Print verbatim the lines from the beginning of the entries through the line containing "Minimalistyczny damski lniany", both ends included. Pictures should be left out.

▸ Items listed in a dataset:

============================================================

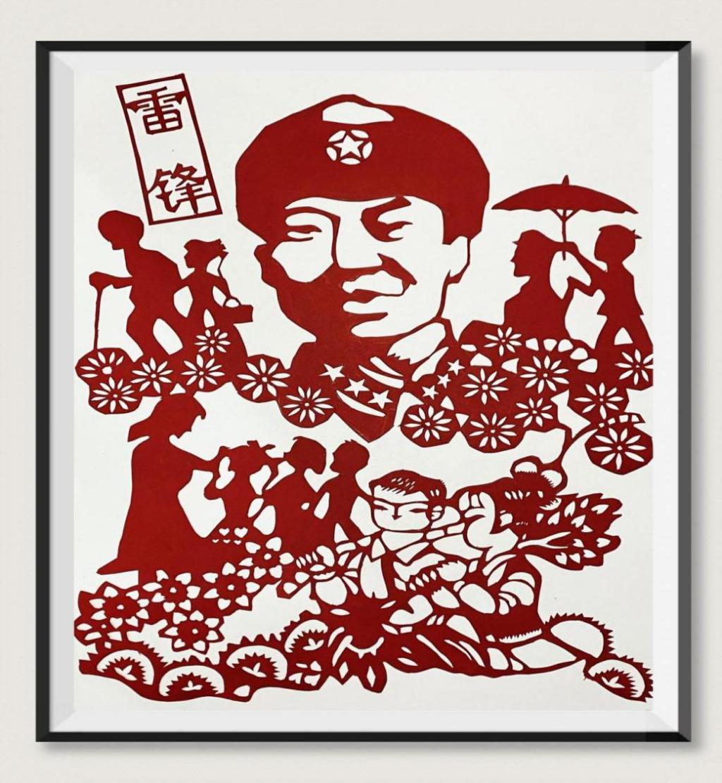 《奉献》是以雷锋精神来创作的作品,此次创作以红色调来呈现,运用了中国传统手工艺法剪纸来完成。
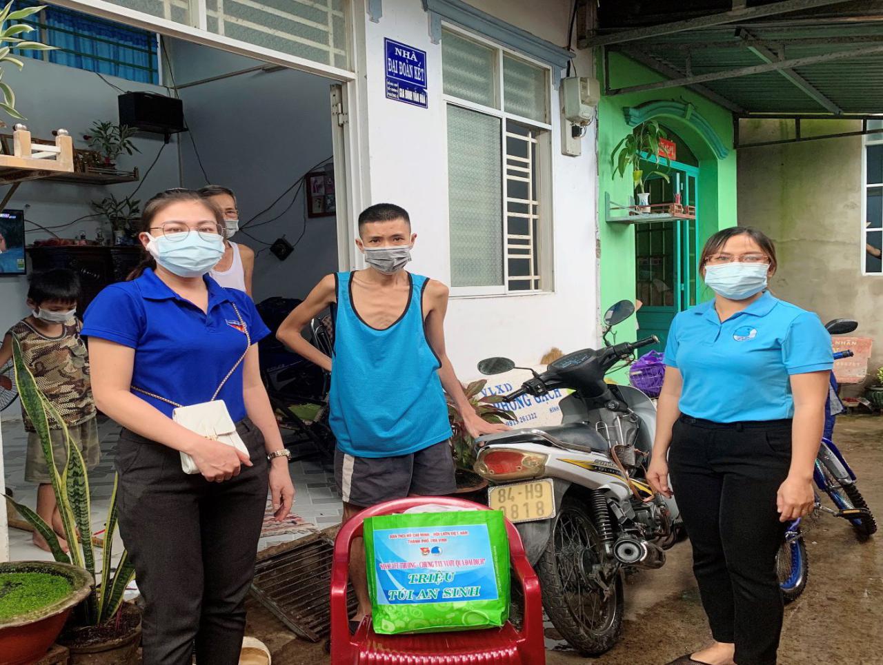 Tiếp tục hưởng ứng chương trình “Triệu túi an sinh” do Trung ương Đoàn phát động. Nhằm hỗ trợ đoàn viên thanh niên, đặc biệt là thanh niên yếu thế (khuyết tật) bị ảnh hưởng bởi đại dịch Covid-19. Ngày 21/9/2021, Thành đoàn – Hội Liên hiệp Thanh niên Việt Nam thành phố Trà Vinh tiếp tục tổ chức chương trình “Triệu túi an sinh”, qua đó đã trao tặng 38 phần quà gồm gạo, trứng và các nhu phẩm thiết yếu cho thanh niên khuyết tật khó khăn trên địa bàn 08 phường và xã Long Đức với tổng số tiền 9,5 triệu đồng.
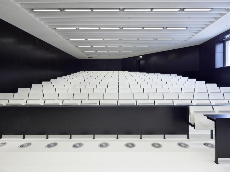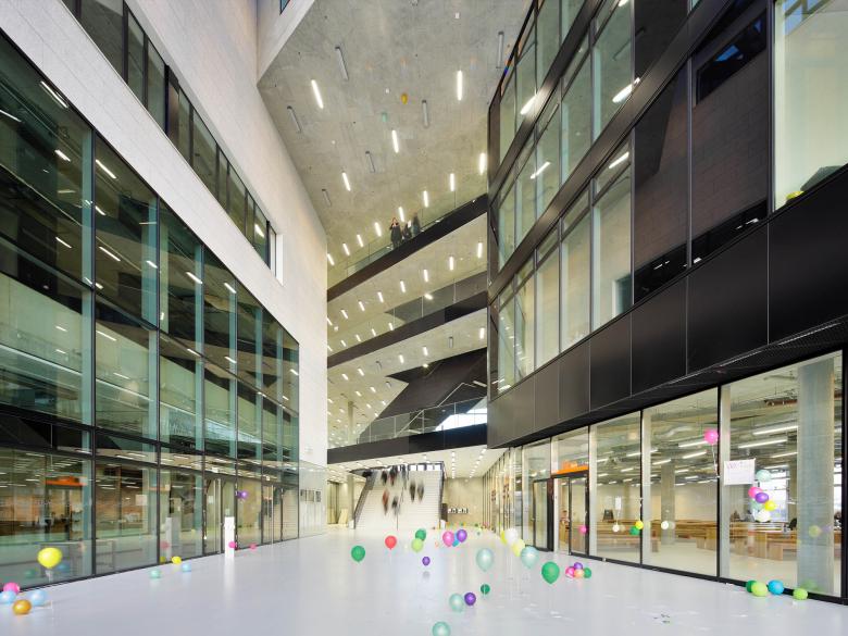 Der Neubau gliedert sich in zwei Teile, die durch eine transparente mehrgeschossige Halle vertikal und horizontal eng vernetzt sind. Der Ansatz des interdisziplinären Arbeitens der Universität spiegelt sich in der Entwurfskonzeption durch eine Funktionsmischung im Gebäude wider.
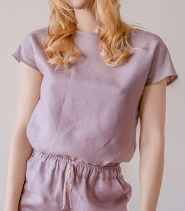 Minimalistyczny damski lniany szlafrok z paskiem i poszerzanymi rękawami
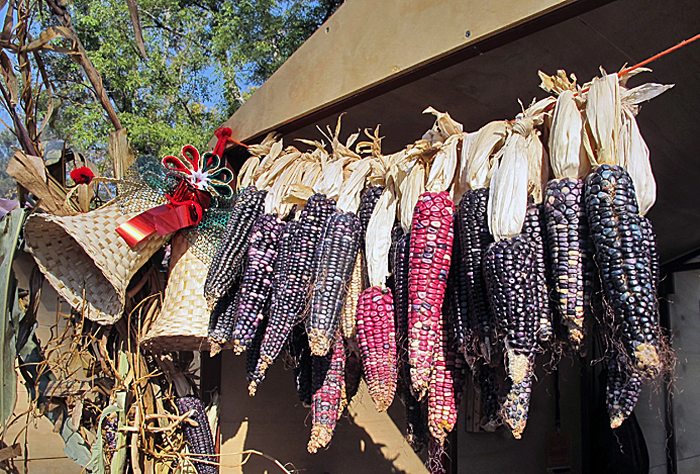 Much of Michoacán's regional cuisine is based on Mexico's native corn.  These dried ears, hung up to decorate a festive food stand at the 2010 Encuentro, show just a few of the several colors of corn native to this area.  The preservation of native corn varieties is crucial to the continuity of the Michoacán paradigm.
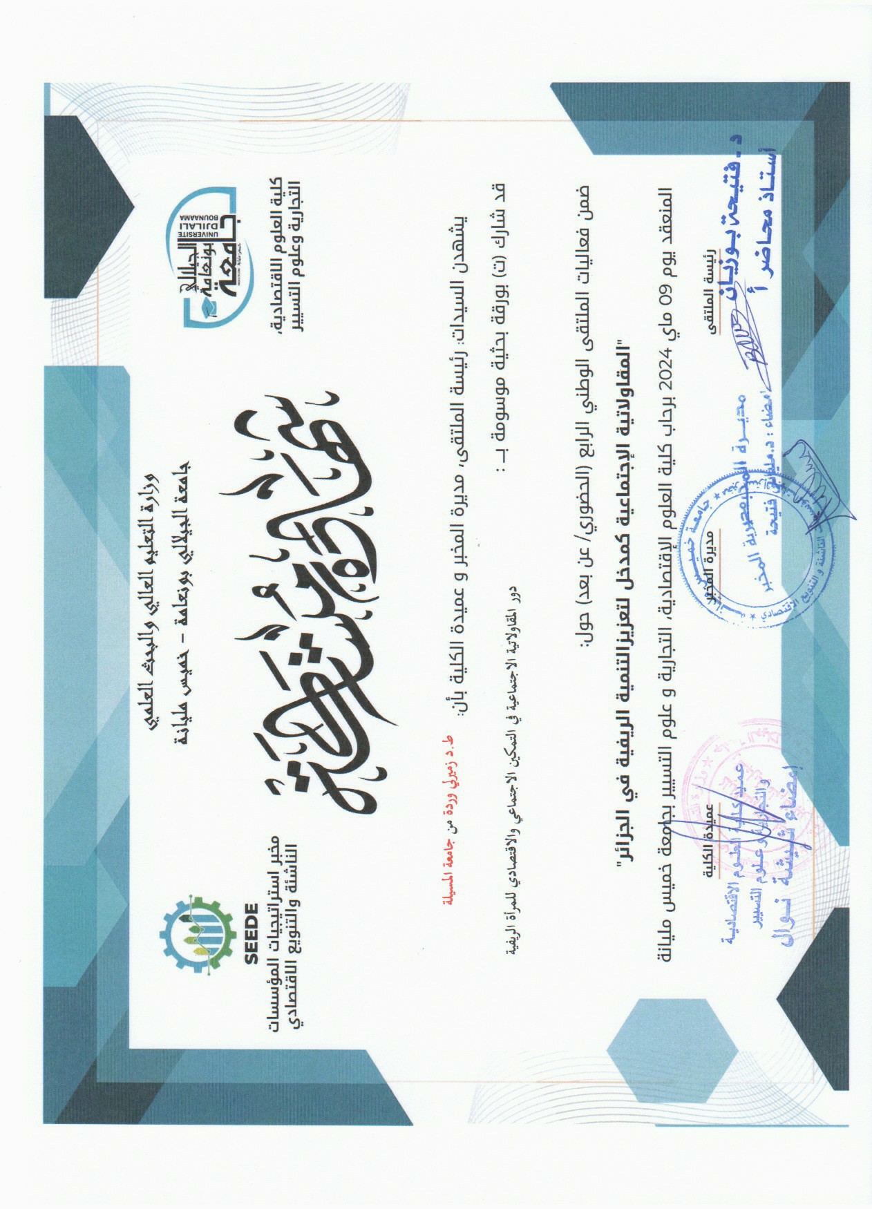 Ouarda ZEMIRLI , ,(2024-05-09), دور المقاولاتية الاجتماعية في التمكين الاجتماعي والاقتصادي للمرأة الريفية,المقاولاتية الاجتماعية كمدخل لتعزيز التنمية الريفية في الجزائر,جامعة الجيلالي بونعامة خميس مليانة
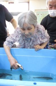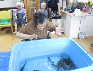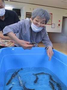 生きた魚を手でつかみ取ることで、昔懐かしい思いを呼び起こします。
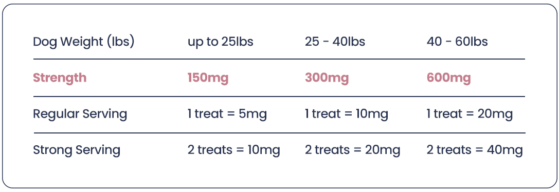 Explore our Pet CBD Dosing Chart for precise dosing recommendations tailored to your products. Alternatively, you can navigate here to discover the recommended serving sizes for CBD Dog Treats + Joint and Mobility Care.
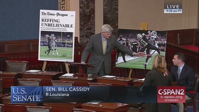 Cassidy (R-LA) from Senate floor on Saints-Rams game: “What happened in my belief and the belief of many was the most blatant and consequential blown call in NFL history.” pic.twitter.com/rbWJQtx0ny
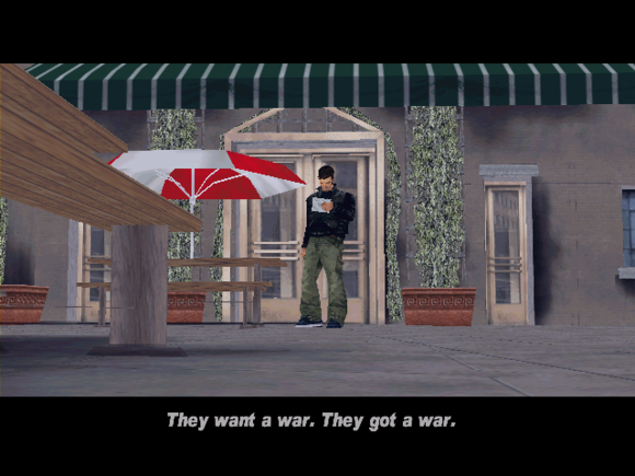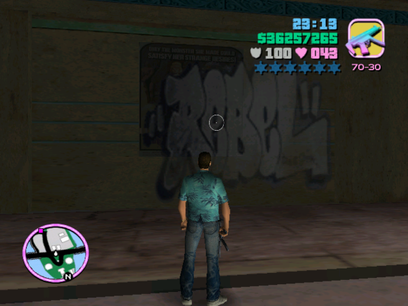 53.洛圣都的一堵墙上印有GTA3和GTA VC的封面。
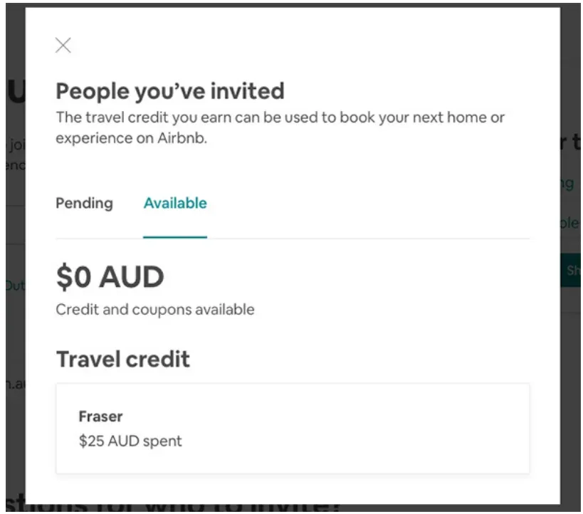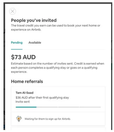 Os pendentes são créditos que o Airbnb estima que você possa receber baseado na quantidade de convites que enviou.
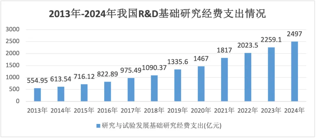 国家统计局的数据亦显示,近十几年来,我国基础性研究经费支出已经从500多亿元,增长至去年的近2500亿元,增长四倍有余。
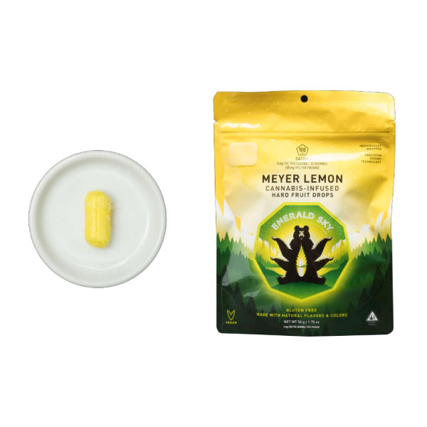 Emerald Sky Meyer Lemon Hard Fruit Drops are delicious, artisanally crafted hard candies, brightly flavored with the natural essence of Meyer lemons. Each 5 mg candy is accurately dosed with THC Sativa to provide a daytime high. All 20 candies in the bag are individually wrapped, making them super easy to take on the go. What a delightful way to start your day! 5mg THC per serving, 20 servings and 100mg THC total. Ingredients: Sugar, Corn Syrup, Citric Acid, Natural Meyer Lemon flavor, Gum Arabic, Turmeric, Cannabis Extract.
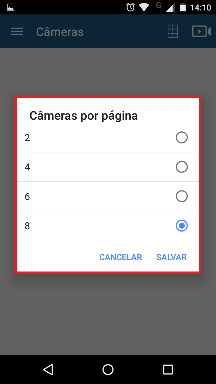 5 – A próxima tela será “Câmeras”. No ícone da grade é possível escolher quantas câmeras serão abertas na abertura desse servidor através do APP. Já no ícone da câmera é possível escolher quais serão as câmeras que aparecerão:
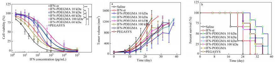 �ؽM�˸ɔ_�ئ�(interferon-��, IFN-��)��һ�N�dz���Ҫ��ˎ�õ��ף�Ŀǰ�ڸ��N�����Լ����Ͱ��Y�ί��ϣ������F���˃������ί�Ч������������w��ѭ�h��˥���^�̣�������ˎЧ���w�ȵij�ְl�]�����l��ע���֕������صĶ������ú���ˎ�ԡ���֮ǰ���о��У����lƽ�����n�}�M������Ե������ں�(ELPfusion)�Ͷ��cԭλ���L(site-specific in situ growth, SIG)�ķ������քe�ϳ���IFN-ELP��IFN-POEGMA��IFN-PMPC��ż��^�õ������IFN�İ�˥�ڡ������@Щ�о��У���ͨ�^�o�}ע��ķ�ʽ������С���M���ί���ˎ������в�����ȫ�������[���M��������Mһ�����ˎ��������[���M���ĸ��������Ǹ����ί�Ч��ͬ�r���Ͷ������õ��P�I��
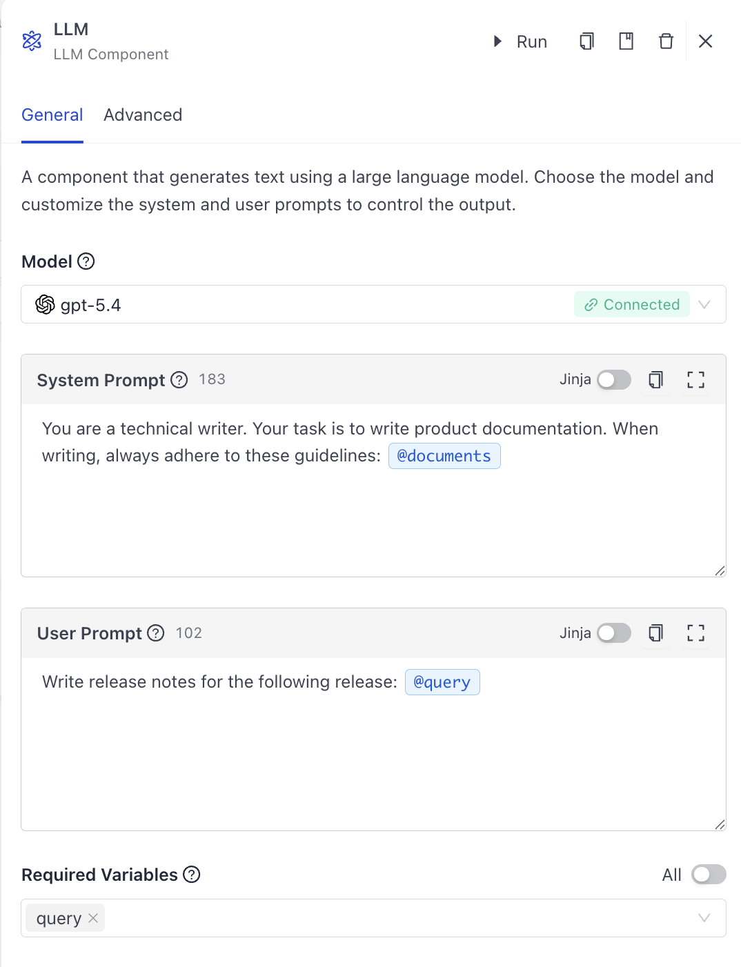When using the LLM, you can pass the system and user prompts directly in the component configuration. You can also use Jinja2 syntax to insert variables into the prompt.
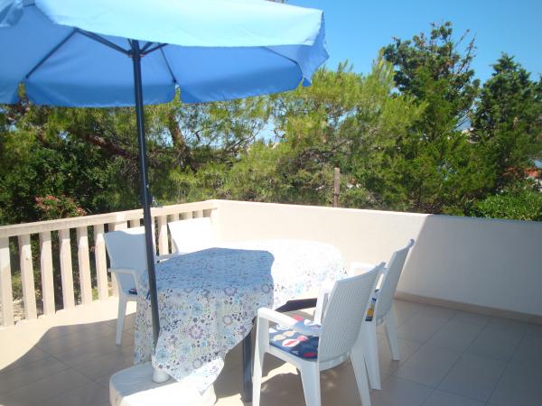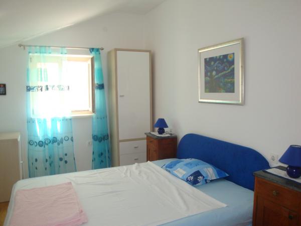 A Plava Laguna apartman Pag város legcsendesebb részén található, közel a városi strandhoz (2 perc a városi strandhoz), a gyógyiszaphoz és a városközponthoz (8 perc). Az udvar nagyon tágas, így a vendégek élvezhetik a tengerre néző kilátást és sétálhatnak. A házban két külön bejáratú apartman található, mindegyik külön emeleten. Az apartmanok terasszal és erkéllyel rendelkeznek, és jól felszereltek. Gépjárművei számára parkolóhely biztosított. A felső apartmanban (4+2) két tágas kertre néző hálószoba és erkély, tengerre néző nappali, tágas fürdőszoba és egy 20m2-es teraszra nyíló étkezős konyha található. Az apartman légkondicionálóval, mosógéppel és mosogatógéppel felszerelt. Az apartman külön bejárattal rendelkezik, és Ön egyedüli vendégként élvezheti a házban. A házigazdák az alsó lakásban laknak, és az Ön szolgálatában állnak. Lakásunkban kényelmesen és zavartalanul fogja érezni magát, akárcsak otthon.
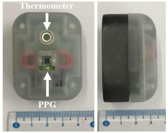 This development in the PPG signal processing have broadened application of the PPG sensor in healthcare monitoring system. Furthermore, with the sensor’s portability and relatively small in size, the sensor can also be used and implemented into a small embedded device, such as a wearable health device. This wearable device is commonly equipped with multiple sensor modules to monitor physical condition of its user, such as body temperature, heartbeat, respiration rate, and motion. The device also needs a special patch or strap to be placed on the user body or skin. As an example, the wearable health device developed by Byteflies, Sensor Dot, can measure multiple vital signals, e.g., photoplethysmogram (PPG), electrocardiogram (ECG), respiration, motion, electrodermal activity (EDA), and electromyogram (EMG) [24]. The device utilizes multiple sensor signals with a multimodal signal analysis so that it can provide a whole new level information for medical assessment. These powerful features are very useful for general health-care monitoring system, especially that for complex analysis of physical state determination.

============================================================

▸ WRITTEN SOLUTION:
 《奉献》是以雷锋精神来创作的作品,此次创作以红色调来呈现,运用了中国传统手工艺法剪纸来完成。
 Tiếp tục hưởng ứng chương trình “Triệu túi an sinh” do Trung ương Đoàn phát động. Nhằm hỗ trợ đoàn viên thanh niên, đặc biệt là thanh niên yếu thế (khuyết tật) bị ảnh hưởng bởi đại dịch Covid-19. Ngày 21/9/2021, Thành đoàn – Hội Liên hiệp Thanh niên Việt Nam thành phố Trà Vinh tiếp tục tổ chức chương trình “Triệu túi an sinh”, qua đó đã trao tặng 38 phần quà gồm gạo, trứng và các nhu phẩm thiết yếu cho thanh niên khuyết tật khó khăn trên địa bàn 08 phường và xã Long Đức với tổng số tiền 9,5 triệu đồng.
 Der Neubau gliedert sich in zwei Teile, die durch eine transparente mehrgeschossige Halle vertikal und horizontal eng vernetzt sind. Der Ansatz des interdisziplinären Arbeitens der Universität spiegelt sich in der Entwurfskonzeption durch eine Funktionsmischung im Gebäude wider.
 Minimalistyczny damski lniany szlafrok z paskiem i poszerzanymi rękawami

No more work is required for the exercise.